▶ **Data in this exercise**
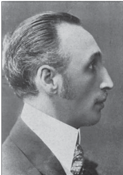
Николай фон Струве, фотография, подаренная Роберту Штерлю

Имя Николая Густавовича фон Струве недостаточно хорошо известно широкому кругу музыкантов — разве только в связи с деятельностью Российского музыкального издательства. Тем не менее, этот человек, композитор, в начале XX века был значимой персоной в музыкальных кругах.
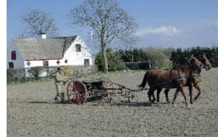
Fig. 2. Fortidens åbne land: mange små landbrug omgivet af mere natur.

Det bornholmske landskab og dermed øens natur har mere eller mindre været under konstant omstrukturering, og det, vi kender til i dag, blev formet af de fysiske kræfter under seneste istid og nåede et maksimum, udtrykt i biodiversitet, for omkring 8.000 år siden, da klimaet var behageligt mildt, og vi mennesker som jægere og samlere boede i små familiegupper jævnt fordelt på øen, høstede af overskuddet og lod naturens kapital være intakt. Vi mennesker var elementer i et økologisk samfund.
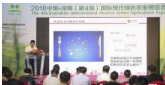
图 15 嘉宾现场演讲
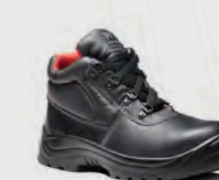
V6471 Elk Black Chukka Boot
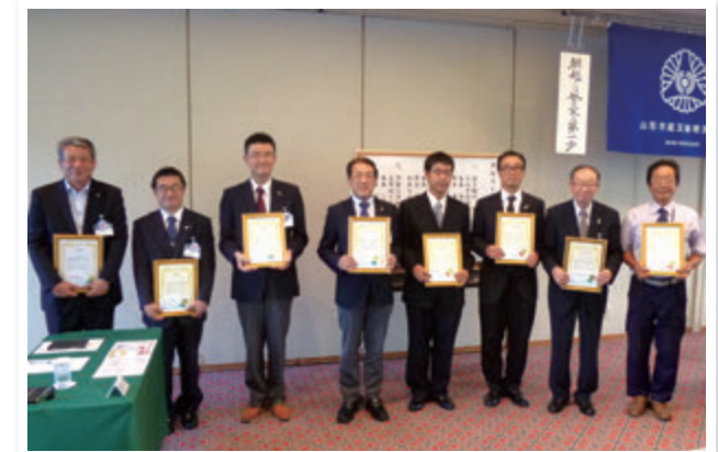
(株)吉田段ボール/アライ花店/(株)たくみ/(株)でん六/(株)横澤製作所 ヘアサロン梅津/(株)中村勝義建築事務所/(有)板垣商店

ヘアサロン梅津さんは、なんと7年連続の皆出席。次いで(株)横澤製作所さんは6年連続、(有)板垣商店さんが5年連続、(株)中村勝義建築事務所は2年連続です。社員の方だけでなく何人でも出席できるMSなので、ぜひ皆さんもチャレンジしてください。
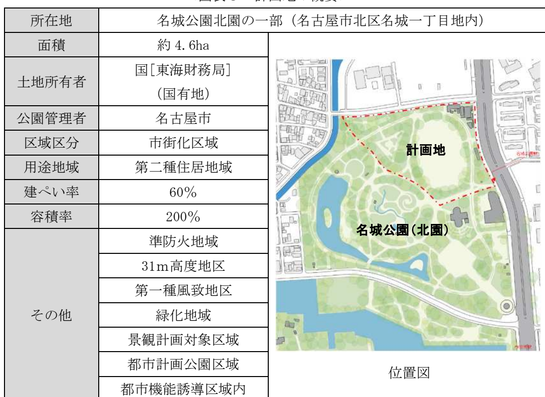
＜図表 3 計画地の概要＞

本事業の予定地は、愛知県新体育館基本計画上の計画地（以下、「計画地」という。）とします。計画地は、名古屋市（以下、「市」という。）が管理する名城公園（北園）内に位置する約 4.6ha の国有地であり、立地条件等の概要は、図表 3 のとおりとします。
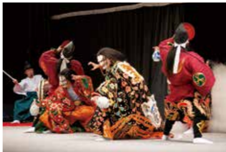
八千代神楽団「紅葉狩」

---

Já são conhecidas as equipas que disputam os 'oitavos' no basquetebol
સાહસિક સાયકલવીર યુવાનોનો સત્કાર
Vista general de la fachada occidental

--

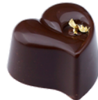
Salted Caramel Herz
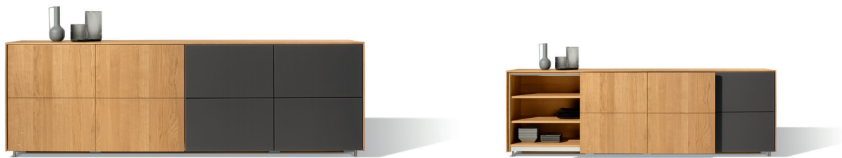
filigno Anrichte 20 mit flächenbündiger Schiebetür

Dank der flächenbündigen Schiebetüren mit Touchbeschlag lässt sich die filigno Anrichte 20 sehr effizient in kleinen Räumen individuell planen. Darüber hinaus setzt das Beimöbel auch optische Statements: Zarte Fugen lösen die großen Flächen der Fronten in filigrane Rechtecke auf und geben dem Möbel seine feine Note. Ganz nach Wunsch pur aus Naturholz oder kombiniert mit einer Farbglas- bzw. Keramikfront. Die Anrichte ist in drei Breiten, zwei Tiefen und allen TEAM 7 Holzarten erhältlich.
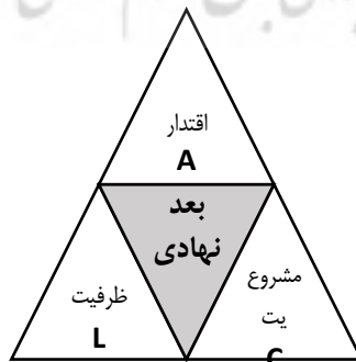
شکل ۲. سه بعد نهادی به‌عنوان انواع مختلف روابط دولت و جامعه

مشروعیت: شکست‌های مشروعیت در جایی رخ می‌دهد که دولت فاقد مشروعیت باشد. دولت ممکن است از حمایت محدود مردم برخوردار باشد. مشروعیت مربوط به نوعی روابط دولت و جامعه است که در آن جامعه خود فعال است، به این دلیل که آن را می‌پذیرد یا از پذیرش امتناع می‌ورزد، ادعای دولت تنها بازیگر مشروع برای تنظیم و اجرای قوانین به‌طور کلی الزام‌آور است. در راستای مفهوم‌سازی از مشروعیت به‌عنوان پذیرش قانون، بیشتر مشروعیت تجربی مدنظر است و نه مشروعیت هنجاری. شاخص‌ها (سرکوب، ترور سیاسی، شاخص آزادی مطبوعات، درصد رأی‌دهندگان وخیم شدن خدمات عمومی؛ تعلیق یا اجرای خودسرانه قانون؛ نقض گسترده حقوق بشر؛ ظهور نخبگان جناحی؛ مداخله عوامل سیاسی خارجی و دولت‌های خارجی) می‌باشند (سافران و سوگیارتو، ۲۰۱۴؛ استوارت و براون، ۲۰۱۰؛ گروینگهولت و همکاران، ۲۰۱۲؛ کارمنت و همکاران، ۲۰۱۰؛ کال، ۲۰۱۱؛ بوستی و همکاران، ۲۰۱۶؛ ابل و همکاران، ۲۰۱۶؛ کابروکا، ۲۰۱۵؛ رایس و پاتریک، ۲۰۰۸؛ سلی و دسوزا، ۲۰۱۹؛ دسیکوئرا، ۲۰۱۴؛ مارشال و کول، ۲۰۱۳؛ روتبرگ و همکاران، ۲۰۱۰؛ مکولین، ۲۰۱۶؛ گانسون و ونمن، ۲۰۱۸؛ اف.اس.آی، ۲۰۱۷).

▶ **Problem details**
Only the lines above starting with the line with "の国有地であり、立地条件等の概要は、図表 3 のとおりとします。" and going on through the line with "八千代神楽団「紅葉狩」" belong in the answer; repeat them exactly, minus any picture.

▶ **Exercise response**
本事業の予定地は、愛知県新体育館基本計画上の計画地（以下、「計画地」という。）とします。計画地は、名古屋市（以下、「市」という。）が管理する名城公園（北園）内に位置する約 4.6ha の国有地であり、立地条件等の概要は、図表 3 のとおりとします。
八千代神楽団「紅葉狩」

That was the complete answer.